Show replies by date

John Meacham

10 Jun 10 Jun

10:55 a.m.

New subject: [Rejected Paper] Experience Report: Writing NetBSD Sound Drivers in Haskell

Oooh. and you documented jhc's RTS while you were at it. that is great :) I have been thinking about a way to extend JGC to seamlessly handle interfaces that utilize stack allocated C structs. The main target being GMP. Right now I can do pretty well by having a 'self-pointing' 'self-cleaning' ForeignPtr. The definition of ForeignPtr is

...

data ForeginPtr = ForeignPtr Addr_

However, it is a little magic in that you can allocate it in a larger space than it would naturally take up, I can then have Addr_ point to the word following it directly in memory. The garbage collector treats it just like normal and needs no finalizer, as long as the ForeginPtr is live, the area it points to is live since they are the same space, as far as the code is concerned it could be pointing to an external C structure. This is very efficient and a very fast way to throw around C structures without having to worry about whether they were allocated in haskell or in C. However, things like GMP require the memory region to be initialized and freed since it may have internal pointers. I could just continue with standard foreign pointers, attaching a destructor, but this has a couple problems - I have to initialize the memory area, this is hard to do without invoking the IO monad to ensure proper sequencing, for the result of an addition, that seems heavy, it is hard for the complier to "see through" an unsafePerformIO when optimizing. - every Integer will have to carry around two extra words, a self pointer that always points to its own memory location, and a pointer to a destructor that is always going to be the same. - memory will be destructed when it is likely to immediately be re-used as an Integer, it would be good to deforest this destruct-construct pair. To solve both I was thinking of assosciating a contructor/destructor with a type rather than a value. By creating an entire block of the same type, it can initialize the entire block at once, then delay the destructor until the entire block is freed. since GMP ints can be re-used in place, it would get rid of almost all initialization and destruction overhead. A 'delayed destructor' if you will, that only needs to be called if the memory location is going to be used for a different type. Allocations in jhc are already tagged by type so this isn't difficult to keep track of. I was thinking something like data {-# CCONSTRUCTOR "init_integer" #-} {-# CDESTRUCTOR delayed "fini_integer" #-} Integer_ :: # data Integer = Integer Integer_ since Integer_ is unboxed, we can ensure they are only created in the right heap by using a primitive to do so, there is no way for a user to conjure up an unboxed type that doesn't take part in unboxed num polymorphism so can be represented by 0# 1# etc. John On Tue, Jun 10, 2014 at 3:13 AM, Kiwamu Okabe wrote:

...

Hi jhc-hackers,

I have written a paper "Experience Report: Writing NetBSD Sound Drivers in Haskell".

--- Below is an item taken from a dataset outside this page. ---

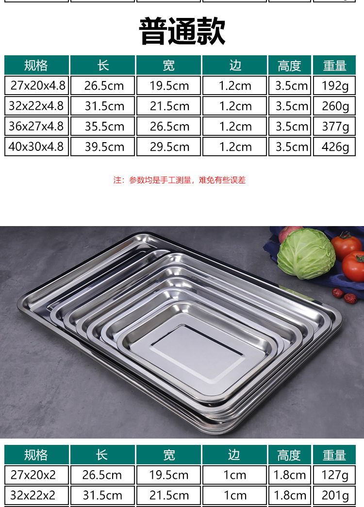 스테인레스 접시 트레이 직사각형 접시 사각 접시 생선 접시 바베큐 접시 깊은 접시 찜밥 상업용 가정용 만두 접시

http://metasepi.org/papers.html

It explains Ajhc customized jhc GC, and sometime useful to develop jhc.

Thank's, -- Kiwamu Okabe at METASEPI DESIGN _______________________________________________ Haskell-Cafe mailing list Haskell-Cafe@haskell.org http://www.haskell.org/mailman/listinfo/haskell-cafe

-- John Meacham - http://notanumber.net/

Kiwamu Okabe

11:19 a.m.

New subject: [Rejected Paper] Experience Report: Writing NetBSD Sound Drivers in Haskell

Hi John, On Tue, Jun 10, 2014 at 7:55 PM, John Meacham wrote:

...

Oooh. and you documented jhc's RTS while you were at it. that is great :)

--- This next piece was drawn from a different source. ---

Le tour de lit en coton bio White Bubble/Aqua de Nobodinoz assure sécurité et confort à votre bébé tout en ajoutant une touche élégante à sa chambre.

BTW. How do you think about jgc having multiple "arena" with the context? It can realize reentrant GC on jhc. Of cause, I know you feel bad about the cost initializing jgc every call C=>Haskell. Do you have some idea for the multiple "arena"? Best regards, -- Kiwamu Okabe at METASEPI DESIGN

John Meacham

11:26 a.m.

New subject: [Rejected Paper] Experience Report: Writing NetBSD Sound Drivers in Haskell

Hmm.. what were you thinking of in terms of how it would change the API? By reentrant do you mean you want C functions that were called by haskell to be able to call back into haskell again? what is the issue with the context that is stowed. or are you talking about SMP/lightweight threads? On Tue, Jun 10, 2014 at 4:19 AM, Kiwamu Okabe wrote:

...

Hi John,

On Tue, Jun 10, 2014 at 7:55 PM, John Meacham wrote:

...
Oooh. and you documented jhc's RTS while you were at it. that is great :)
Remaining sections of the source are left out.